1968 United States presidential election in Indiana
- Turnout: 69.5% ▼2.2 pp
| Nominee | Richard Nixon | Hubert Humphrey | George Wallace |
| Party | Republican | Democratic | American Independent |
| Home state | New York | Minnesota | Alabama |
| Running mate | Spiro Agnew | Edmund Muskie | Curtis LeMay |
| Electoral vote | 13 | 0 | 0 |
| Popular vote | 1,067,885 | 806,659 | 243,108 |
| Percentage | 50.29% | 37.99% | 11.45% |
- County results
| Nixon 40–50% 50–60% 60–70% | Humphrey 40–50% |
| President before election Lyndon B. Johnson Democratic | Elected President Richard Nixon Republican |

= 1968 United States presidential election in Indiana =

A presidential election was held in Indiana on November 5, 1968. The Republican ticket of the former vice president of the United States Richard Nixon and the governor of Maryland Spiro Agnew defeated the Democratic ticket of the incumbent vice president Hubert Humphrey and the junior U.S. senator from Maine Edmund Muskie. The American Independent ticket of the former governor of Alabama George Wallace and the chief of staff of the United States Air Force Curtis LeMay finished third. Nixon defeated Humphrey in the national election with 301 electoral votes.

Nixon ran unopposed in the May Republican primary, garnering just over half a million votes. The junior U.S. senator from New York Robert F. Kennedy won the Democratic primary with the overwhelming support of the state's Black voters. Kennedy's assassination a month later preceded the 1968 Democratic National Convention, which nominated Humphrey amidst protests against the United States' involvement in the Vietnam War.

Republicans were expected to flip Indiana four years after the Democratic landslide victory in 1964. Some polls showed Wallace running even with Humphrey in late October; however, by Election Day his share of the vote had fallen drastically, finishing at 11 percent.

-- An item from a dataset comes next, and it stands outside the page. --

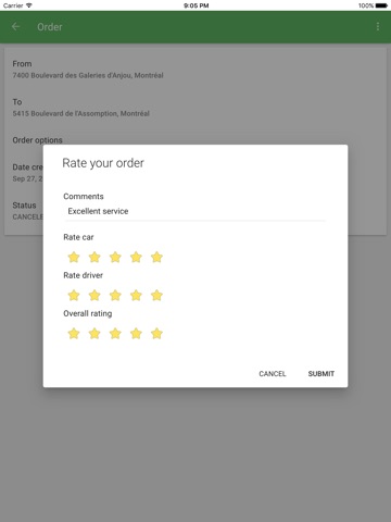 Give feedback to the taxi company about the quality of service you received.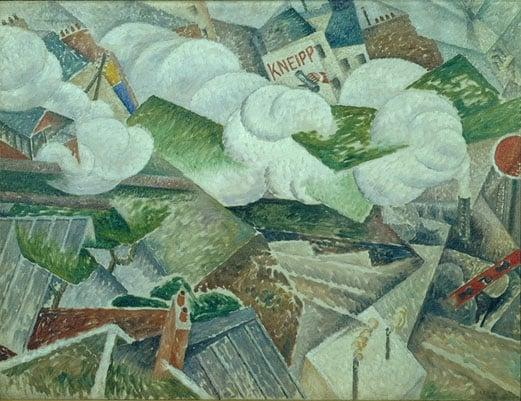 Also known as Train de banlieu arrivant a Paris, 1915. Late work, inscribed and dated on back. Typical Futurist visual vocab for speed - wedge shapes/tilting buildings etc.Painted a year before abandonning Futurism to become an orthodox Cubist.

Wallace performed best in counties with large concentrations of Black voters, where white support for Wallace counterbalanced Black support for the Democratic ticket.

Nixon's victory was the first of ten consecutive Republican victories in the state, as Indiana would not vote for a Democratic candidate again until Barack Obama in 2008.

==Background==
Although it was considered a reliably Republican state, Indiana defected from the Republican column in 1964 to support the Democratic incumbent president Lyndon Johnson, who became the first Democratic presidential candidate to carry Indiana since Franklin D. Roosevelt in 1936. The defeated Republican candidate, Barry Goldwater, faced powerful hostility from Northern and Southern Indiana that doomed his campaign in the state.

Wallace contested the 1964 Democratic Party presidential primaries and won significant support in Indiana counties that would soon become part of the Rust Belt. He nevertheless lost the Indiana primary by a greater than two-to-one margin to the governor of Indiana Matthew E. Welsh, who ran as a stalking horse for Johnson. Regression analysis conducted after the election revealed significant blue-collar support for Wallace, in contrast to Wisconsin, where middle class conservatism underlay Wallace's strong performance in the Democratic primary.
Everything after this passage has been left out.